A useful context layer isn’t a dump of everything — that would overflow a context window immediately. It has query and filtering capabilities. The agent asks a specific question, gets back a targeted slice, and starts working. Infrastructure questions are relationship-shaped, so the layer has to carry dependencies, not just names.

What this looks like in practice

You have a service called “pizza-ordering” running across dev, staging, and prod AWS accounts. You type: check if there are any errors for pizza-ordering production.

Without a context layer: the agent starts from scratch. It knows you’ve used AWS before, so it lists accounts, lists services, guesses what you mean, runs cascading searches through files. Maybe 100,000 tokens later it finds the right account — only to discover the logs are in Datadog, not CloudWatch. This happens every single session unless you maintain hand-written specs and keep them updated as the environment changes.

With B.O.R.I.S: one or two MCP calls. B.O.R.I.S tells the agent it’s an ECS service in a specific account, logs reachable this way, dependencies already resolved. The agent goes straight to querying. Faster answer, most of the context window preserved for actual work.

The manual version of the same task — mapping an AWS Transit Gateway network — took four sessions: one to call the API and dump a map, a second for more data, a third, then a fourth an hour later to open all the files and finally make sense of them. Collecting context manually is what nearly everyone is doing today, whether they call it that or not.

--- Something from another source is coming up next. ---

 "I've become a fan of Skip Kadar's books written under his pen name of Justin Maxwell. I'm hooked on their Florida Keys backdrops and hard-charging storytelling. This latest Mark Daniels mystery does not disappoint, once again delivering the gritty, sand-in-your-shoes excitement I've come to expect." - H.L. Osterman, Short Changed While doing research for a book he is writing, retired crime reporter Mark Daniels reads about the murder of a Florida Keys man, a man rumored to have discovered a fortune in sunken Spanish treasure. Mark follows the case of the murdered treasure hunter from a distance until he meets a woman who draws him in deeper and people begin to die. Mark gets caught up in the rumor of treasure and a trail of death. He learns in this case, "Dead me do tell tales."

You don’t need a bigger model. You need better context.

Research shows a smaller model with a good semantic and context layer can outperform a larger model working blind. dbt Labs’ 2026 benchmark found that in-scope questions through a semantic layer hit near-perfect accuracy, and out-of-scope questions returned a clean error rather than a plausible wrong answer. Raw inference without a layer tends to fail by returning something confident and incorrect.

The practical implication: before you upgrade the model, fix the context.

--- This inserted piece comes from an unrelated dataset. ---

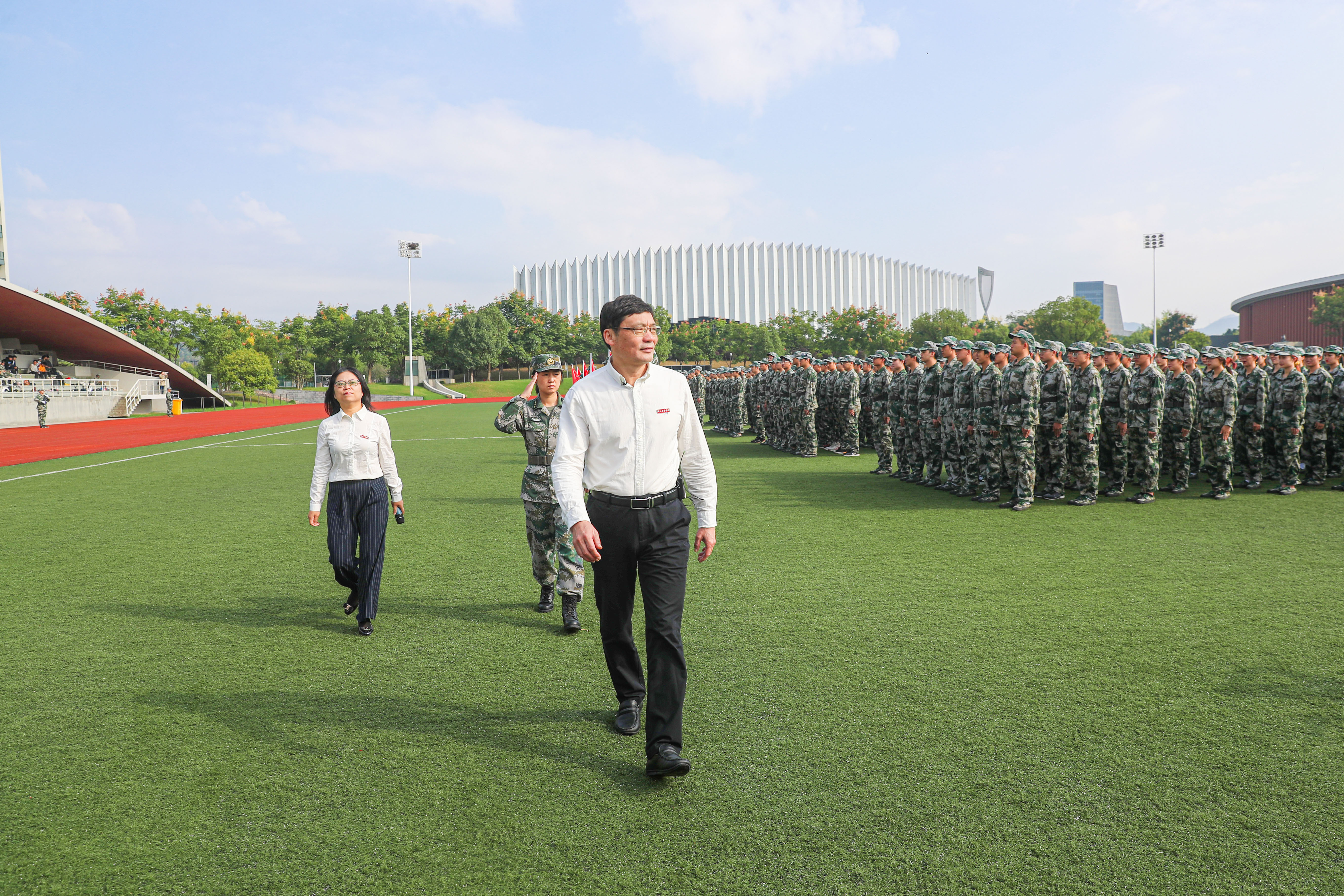 校黨委書記胡建新在軍訓營有關(guān)負責人的陪同下檢閱軍訓列隊方陣。

Stale memory is a different problem

Many agent harnesses now ship with memory. The risk: memory goes stale. It isn’t revalidated against reality, and it quietly biases every session. Your agent’s behavior gets tilted by the residue of past interactions rather than the current state of your infrastructure.

We’ve seen this directly — using an AI assistant until accumulated memory polluted sessions badly enough to require “don’t look at the memory, treat this as a raw session” in every prompt. It still drifted. The fix was moving to a fresh-session agent where you control exactly what context loads.

For DevOps the stakes are higher. An agent making decisions about an AWS estate with tens of thousands of resources, based on what things looked like three weeks ago, is making decisions on wrong information.

The healthier default: fresh sessions that load only current, relevant context each time. Live data checks memory — not the other way around. The missing piece used to be that nobody maintained internal documentation consistently enough for this to work. An agent that keeps the context map current changes that.

The productivity trap

Kent Beck put it plainly: typing got faster, thinking not.

The speed gains from AI coding are real. The trap: you can feel productive while spending the majority of a session gathering context, and still land on the wrong answer. The fix isn’t a faster model — it’s giving the agent the right information to start with, so it doesn’t spend your token budget on archaeology.

As teams ship more code faster — much of it written by agents and forgotten within weeks — no single person can hold the full picture of what’s running. A context layer that stays current is how you keep the system legible when the team can’t.

What to do

  • Build the semantic layer first for anything with internal naming, custom types, or domain-specific vocabulary. Don’t assume the model will infer it.
  • Add the context layer to stop agents from rediscovering your topology on every session. If your agent is listing AWS accounts from scratch each time, that’s the symptom.
  • Prefer fresh sessions with loaded context over persistent memory for production workloads. Stale memory is harder to debug than missing memory.
  • Don’t upgrade the model to fix a context problem. They’re different levers.